Android for Work support
Starting with 1702, Hybrid mobile device management with Microsoft Intune now supports Android for Work device enrollment and management. Managed Android for Work device guidance:
- Enroll Android for Work devices
- Approve and deploy Android for Work apps
- Create configuration items for Android for Work
- Selective wipe on Android for Work devices
- Email profiles for Android for Work
- Compliance policies for Android for Work
Deploy volume-purchased iOS apps to device collections
You can now deploy licensed apps to devices as well as users. Depending on the apps ability to support device licensing, an appropriate license will be claimed when you deploy it, as follows:
|Configuration Manager version||App supports device licensing?||Deployment collection type||Claimed license|
|Earlier than 1702||Yes||User||User license|
|Earlier than 1702||No||User||User license|
|Earlier than 1702||Yes||Device||User license|
|Earlier than 1702||No||Device||User license|
|1702 and later||Yes||User||User license|
|1702 and later||No||User||User license|
|1702 and later||Yes||Device||Device license|
|1702 and later||No||Device||User license|
For more information about volume-purchased iOS apps, see Manage volume-purchased iOS apps.
Support for iOS Volume Purchase Program for Education
You can now also deploy and track apps you purchased from the iOS Volume Purchase Program for Education. For more information about volume-purchased iOS apps, see Manage volume-purchased iOS apps.
Support for multiple volume-purchase program tokens
You can now associate multiple Apple volume-purchase program tokens with Configuration Manager. For more information about volume-purchased iOS apps, see Manage volume-purchased iOS apps.
Support for line of business apps in Windows Store for Business
You can now sync custom line of business apps from the Windows Store for Business.

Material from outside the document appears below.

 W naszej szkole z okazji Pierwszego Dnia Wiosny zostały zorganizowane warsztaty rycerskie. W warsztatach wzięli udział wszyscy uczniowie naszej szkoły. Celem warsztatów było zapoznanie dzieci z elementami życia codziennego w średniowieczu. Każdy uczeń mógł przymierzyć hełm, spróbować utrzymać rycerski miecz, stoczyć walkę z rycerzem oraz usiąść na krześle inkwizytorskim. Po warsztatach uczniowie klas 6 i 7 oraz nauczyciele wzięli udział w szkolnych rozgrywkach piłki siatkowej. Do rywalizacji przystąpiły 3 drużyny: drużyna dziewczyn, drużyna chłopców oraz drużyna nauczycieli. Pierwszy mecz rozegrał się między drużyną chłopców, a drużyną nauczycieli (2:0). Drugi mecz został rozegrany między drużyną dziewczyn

Conditional access device compliance policy improvements
A new device compliance policy rule is available to help you block access to corporate resources that support conditional access, when users are using apps that are part of a non-compliant list of apps. The non-compliant list of apps can be defined by the admin when adding the new compliant rule Apps that cannot be installed. This rule requires the admin to enter the App Name, the App ID, and the App Publisher (optional) when adding an app to the non-compliant list. This setting only applies to iOS and Android devices.

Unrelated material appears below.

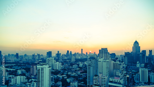 Fototapeta premium Bangkok skyline bei Sonnenuntergang Panorama

Additionally, this helps organizations to mitigate data leakage through unsecured apps, and prevent excessive data consumption through certain apps.
- Learn more how device compliance policies work.
- Learn more how to create device compliance policies.
New Mobile Threat Defense monitoring tools
Beginning in version 1702, you have new ways to monitor the compliance status with your Mobile Threat Defense service provider.
- Learn more how to monitor Mobile Threat Defense compliance.
Detect outdated antimalware client versions
Beginning with version 1702, you can configure an alert to ensure Endpoint Protection clients are not outdated. For more information, see Alert for outdated malware client.
Device health attestation updates
Device health attestation service for on-premises clients can now be configured and managed from the management point. For more information, see Health Attestation.
Certificate profiles for Windows Hello for Business
If you intend to store certificate profiles in the Windows Hello for Business key container, and the certificate profile uses the Smart Card Logon EKU, you must configure permissions for key registration to ensure the certificate is validated correctly. For more information, see Windows Hello for Business settings.
New Windows Hello for Business notification for end users
A new Windows 10 notification informs end users that they must take additional actions to complete Windows Hello for Business setup (for example, setting up a PIN).